March 28, 2012
The New-York Historical Society’s Institute for Constitutional History (ICH) and the Stanford Constitutional Law Center invite university instructors (including adjuncts, part-time faculty, and postdoctoral fellows) to apply for a summer workshop on “Assessing the US Constitution: Twenty-First-Century Responses to Eighteenth-Century Assumptions.” ICH is our partner on the New Essays in Constitutional History series. The deadline for applications is May 1, 2012. Learn more below.
Assessing the US Constitution: Twenty-First-Century Responses to Eighteenth-Century Assumptions
Date: July 8–14, 2012
Location: Stanford, California
Workshop Leader: Sanford Levinson
Stipend & Support: Accommodation at the Munger Graduate Residence on the campus of Stanford Law School, modest stipend for meals, and travel reimbursement up to $250.
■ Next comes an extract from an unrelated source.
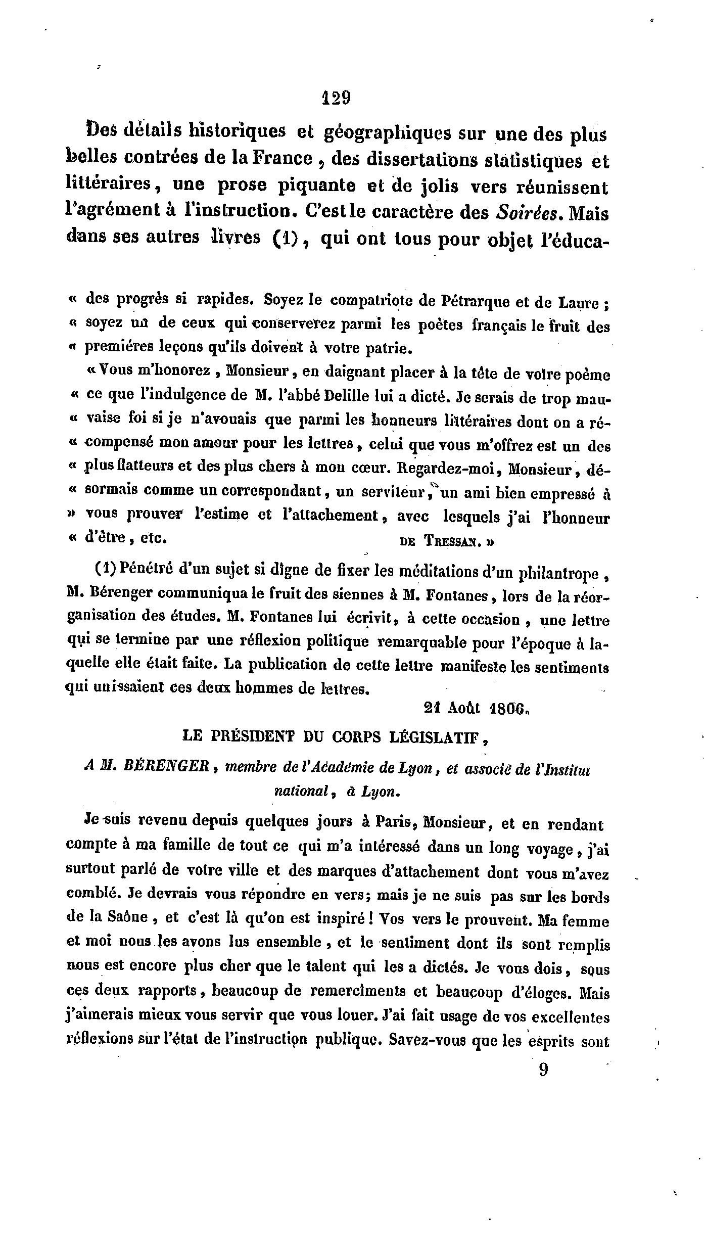 M. Bérenger communiqua le fruit des siennes à M. Fontanes, lors de la réor-
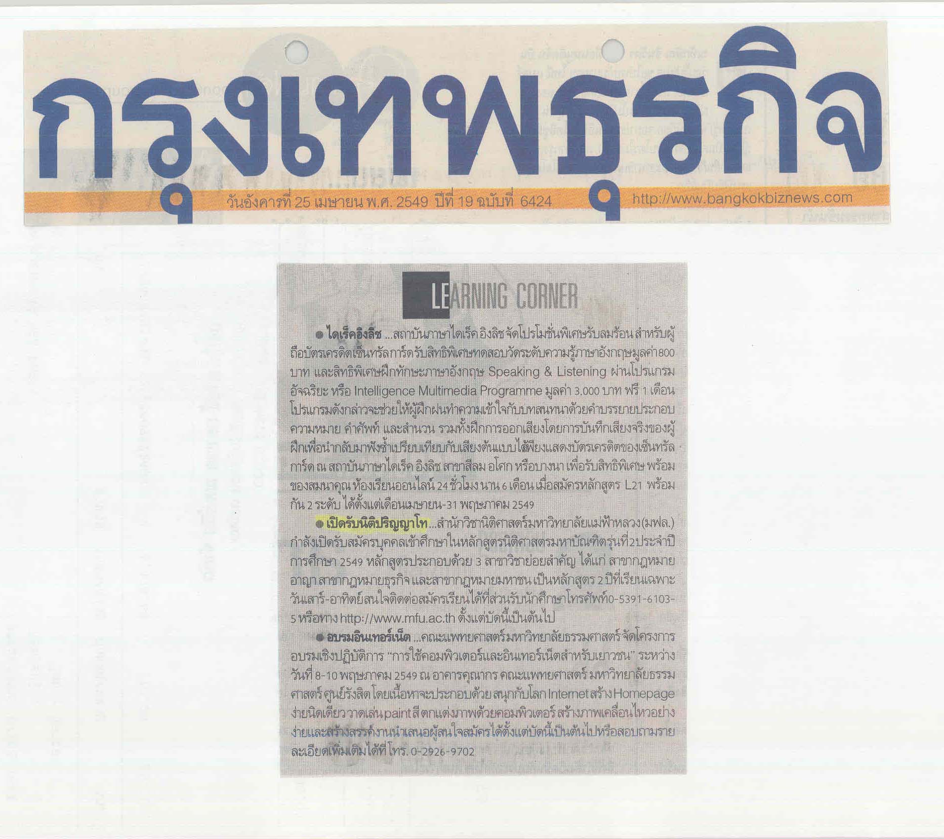 กรุงเทพธุรกิจ, วันที่ 25 เมษายน 2549

Description: It is an obvious truth that the drafters of the 1787 Constitution had a number of basic assumptions about the workings of what they called a “Republican Form of Government” and that the institutions established in Philadelphia reflected these assumptions. To be sure, some of them, such as equal voting power in the Senate or the basis of representation in the House (i.e., the 3/5 rule), were the result of compromises, in which the losers (like James Madison with regard to the Senate) viewed the result as a “lesser evil” (to the greater evil of no Constitution at all) rather than a positive good. Still, almost all of the institutions were defended by proponents of the Constitution, the most prominent, of course, being the collective Publius. To a remarkable degree, America in 2012 continues to be governed through the structures established in 1787.
The purpose of the seminar is quite simple: To look at the justifications offered, particularly at the Philadelphia Convention and ensuing ratification debates (including, of course, The Federalist) and to assess the degree to which we find them persuasive over two centuries later. The seminar is not about “constitutional interpretation” as that topic is usually defined. That is, we will not be looking at the parts of the Constitution that have been significantly litigated and, therefore, “interpreted,” over the years, such as the assignment of powers to Congress in Article One, Section Eight. Rather, we will be looking at examples of what in my forthcoming book I call “the Constitution of Settlement” (in contrast to the endlessly litigated “Constitution of Conversation”)—bicameralism, the particular organization of power in the Senate, the presidential veto, and the process of constitutional amendment, among others.